I give one example concerning rape. The law requires four male witnesses to testify that an unlawful act has occurred between a man and a woman. In Pakistan this instruction has been applied to rape. If rape is not proven, the accuser--a woman who may already be the victim of that rape--is charged with adultery. The punishment for adultery is death or imprisonment. The result is that thousands of women, unable to defend themselves in a court of law, are serving sentences of various terms, accused of adultery when they themselves have been the victims of rape. Thus a large number of rape victims do not take recourse to the law but suffer their fate in silence.

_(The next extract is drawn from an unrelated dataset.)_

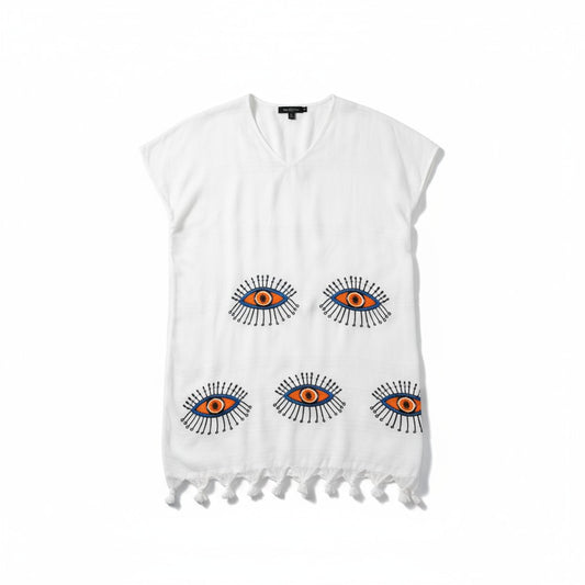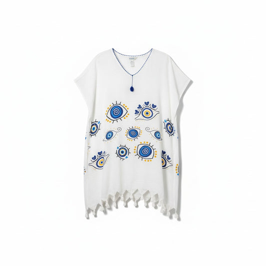 Weißer Bambus-Kaftan mit Augenmuster & Fransen – Boho Strandkleid – One Size

Such practices and policies associated with the Hadood laws and the Shariah laws of evidence, which make such stark distinctions between men and women, are gross violations of the UN Declaration of Human Rights which affirms that human rights should be granted to,


    "all, without distinction as to race, sex, language or religion".

It would be a good indication of General Musharraf's commitment to human rights if he were to find an opportunity to bring Pakistan's legal provisions into line with international law and convention in these areas.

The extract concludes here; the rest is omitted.